19Schließlich hat der Kläger einen weiteren Befundbericht von Dr. O. vom 15.10.2004 beigebracht, wonach eine arterielle Hypertonie mit hypertensiven Entgleisungen festzustellen sei und ein akutes Koronarsyndrom sowie eine relevante koronare Herzkrankheit ausgeschlossen werden können. Der Beklagte ist - unter Verweis auf eine weitere Stellungnahme von Dr. G. vom 13.12.2004 - bei seiner Einschätzung eines Gesamt-GdB von 40 geblieben.
20Das Gericht hat zur Aufklärung des medizinischen Sachverhalts ein psychiatrisches Gutachten von Herrn P., Arzt für Psychiatrie an den Rheinischen Kliniken in Langenfeld, eingeholt. Auf das Gutachten vom 01.06.2005 wird Bezug genommen.

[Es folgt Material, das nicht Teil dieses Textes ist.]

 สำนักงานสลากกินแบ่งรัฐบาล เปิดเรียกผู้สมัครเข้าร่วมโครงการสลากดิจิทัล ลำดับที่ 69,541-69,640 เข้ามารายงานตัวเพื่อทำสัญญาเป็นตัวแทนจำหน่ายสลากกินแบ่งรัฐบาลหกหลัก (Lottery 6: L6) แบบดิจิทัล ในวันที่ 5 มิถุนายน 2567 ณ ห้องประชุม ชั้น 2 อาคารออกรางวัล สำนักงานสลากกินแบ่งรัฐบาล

21Der Beklagte ist dem Gutachten unter Bezugnahme auf eine versorgungsärztliche Stellungnahme von Frau Dr. St., Fachärztin für Psychiatrie und Psychotherapie, vom 01.08.2006 entgegengetreten. Hierzu hat das Gericht eine ergänzende Stellungnahme von Herrn P. eingeholt. Auf diese Stellungnahme vom 01.11.2005 wird ebenfalls Bezug genommen.

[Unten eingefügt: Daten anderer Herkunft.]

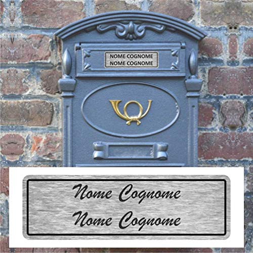 Targhetta in alluminio Nome e Cognome per cassetta della posta (Alluminio Colore Argento, Misura 100x30mm)

22Den ergänzenden Ausführungen des Herrn P. ist der Beklagte erneut - unter Bezugnahme auf eine weitere versorgungsäztliche Stellungnahme von Frau Dr. St. vom 24.01.2006 - entgegengetreten.
23Das Gericht hat zur weiteren Aufklärung des medizinischen Sachverhalts aktuelle Befundberichte von Dr. S. und Dr. G. eingeholt und diese dem Beklagten zur Stellungnahme vorgelegt. Nachdem der Beklagte unter Bezugnahme auf eine gutachterliche Stellungnahme von Dr. G. vom 12.06.2006 erneut eine Erhöhung des GdB ablehnt, aber mit Blick auf die Herzmuskelerkrankung eine weitere Aufklärung angeregt hat, hat das Gericht ein kardiologisches Gutachten des Internisten Dr. M. aus Mülheim/Ruhr eingeholt. Auf das Gutachten vom 14.08.2006 wird Bezug genommen.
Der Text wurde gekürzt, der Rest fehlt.